E acrescentei uma pergunta:
-Não é coisa de maluco abalroar o goleiro no momento em que ele vai repor a bola ao jogo?
-O David Luiz não joga assim no Chelsea e nem o Tiago Silva, no Paris Saint-Germain, Nos clubes deles, tem tática que, se não for obedecida, o jogador é tirado do time pelo técnico. - comentou o Daniel.
-O Felipão foi criticado pelo Dunga. A que ponto ele chegou. - interveio o Claudio sardonicamente.
-Um comandante, mesmo com ótimos soldados, pode pôr tudo a perder.
E fui em frente:
-Em 53 a.C. , o General Marco Licínio Crasso invadiu o reino Parta com as legiões romanas, que eram numericamente bem superiores aos soldados inimigos. Ele, no entanto, no afã de atacar logo, cortou caminho por um vale estreito de pouca visibilidade. Os partos ocuparam, então, as saídas do vale, encurralando os romanos, e dizimaram quase 50 mil, inclusive o General Marco Licínio Crasso.
-Foi o parto de uma derrota.
Considerei o trocadilho do meu irmão e concluí:
-Foi o parto da expressão “erro crasso”. Na batalha Brasil e Alemanha, vamos dizer assim, tivemos o “erro felipônico”.
-O Felipão teve a mesma soberba desse general.
Daniel concordou com o pai, mas na sua versão folgazã.
-Sim; enquanto o “Erro Crasso” pensava que tinha o melhor exército do mundo, o “Erro Felipônico” achava que tinha a melhor seleção do mundo.
-E um comandante tem de avaliar bem os seus comandados o que o Felipão não fez.

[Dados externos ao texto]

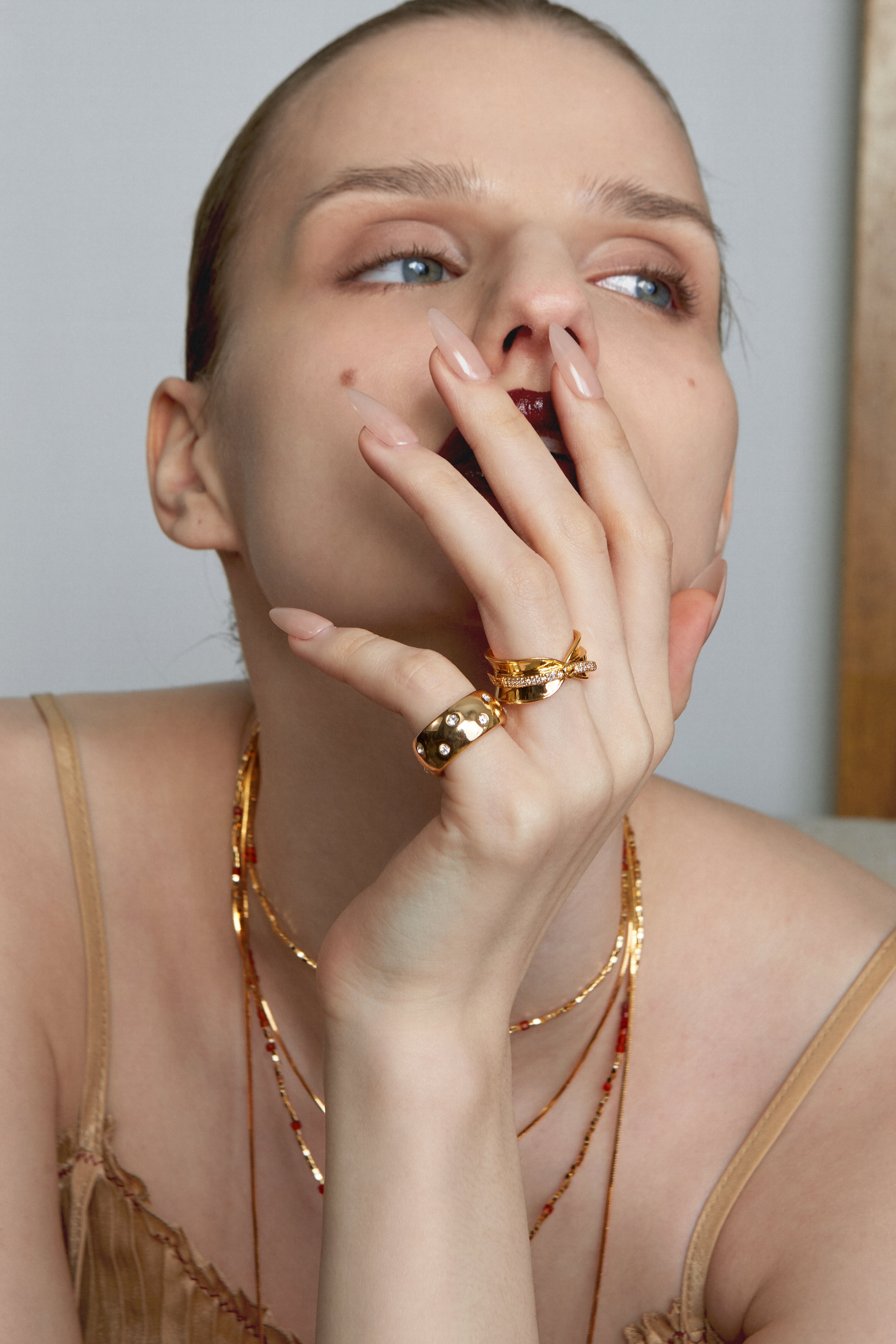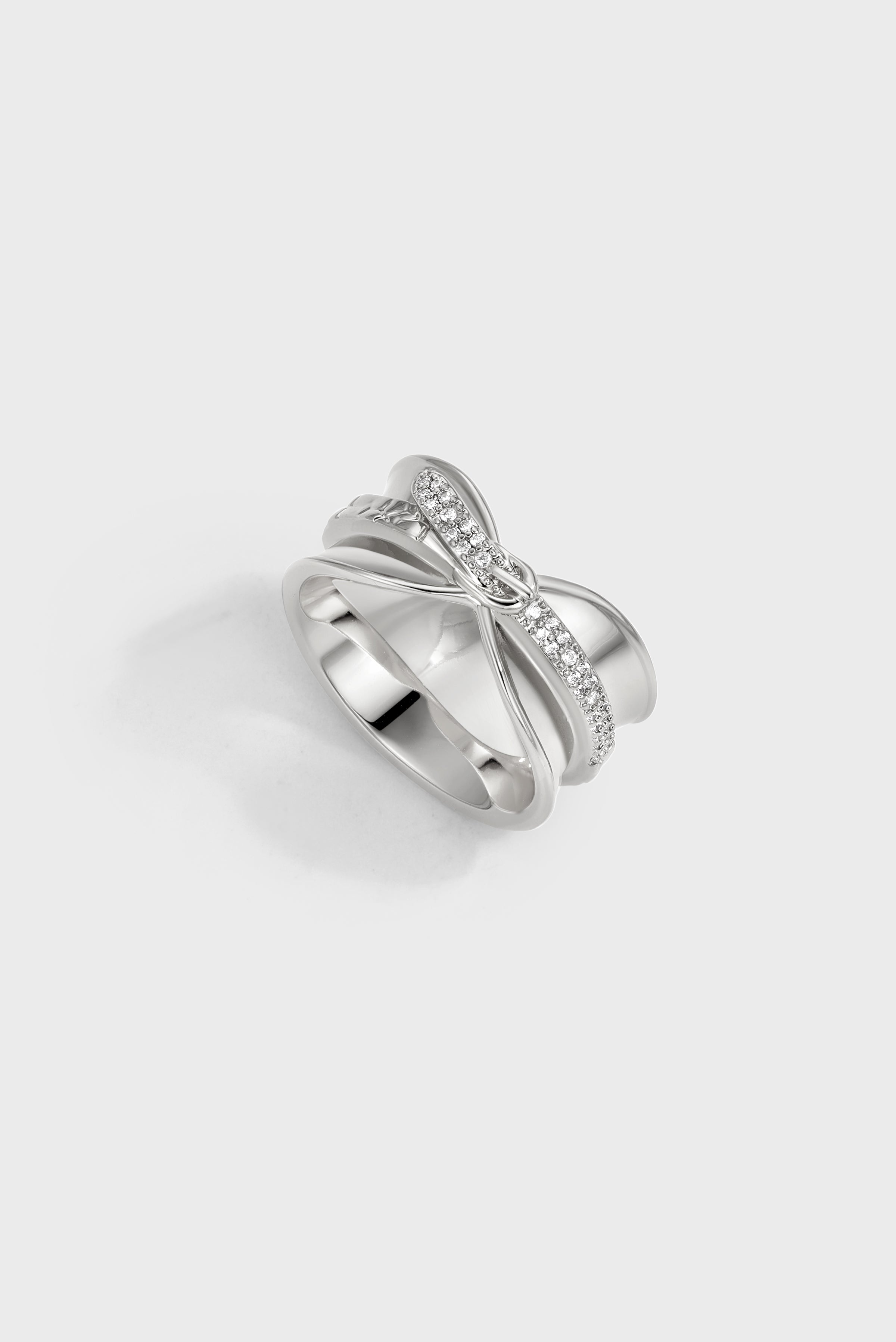 Hand-set cubic zirconia stones follow the natural contours of the design, softening the structured silhouette with flowing light. Even paired with simple outfits, the dimensional sparkle draws the eye and elevates the entire look.

-Ele tinha de ver aquela babaquice de jogadores entrarem em campo, perfilados, com um colocando a mão no ombro do outro, coisa de colégio primário; de choradeiras; de o Tiago Silva desabar nos braços dele porque o Brasil teria de disputar a vitória nos pênaltis contra o Chile, logo ele que era o capitão. - corroborou o Claudio minhas palavras, porém, com menos paciência do que eu.
-Ele já vinha dizendo e fazendo muita besteira. - tirou o Felipão até o meu sobrinho do seu espírito brincalhão.
-Uma lambança dessa não se improvisa; isso vem de longe.
-Por um lado, foi boa essa goleada.
-Por muitos lados, Claudio. - salientei.
-A pancada que o Neymar levou nas costas, no jogo contra o Chile, teve muito mais repercussão na mídia do que o viaduto que caiu em Belo Horizonte, superfaturado, construído às pressas com material de quinta categoria para a Copa, e com mortes. - indignou-se.
-Eu estava assistindo a uma partida na TV Globo, enquanto o locutor informava que o Neymar era conduzido por uma ambulância para a sua mansão, no Guarujá. Ao mesmo tempo, ele lamentava não poder interromper a transmissão do jogo para mostrar essa chegada do Neymar, porque as imagens do jogo eram geradas pela FIFA.
-E você, Carlão?
-Soltei um palavrão e mudei de canal.
Nesse instante, apareceu a Gina com o braço na tipoia.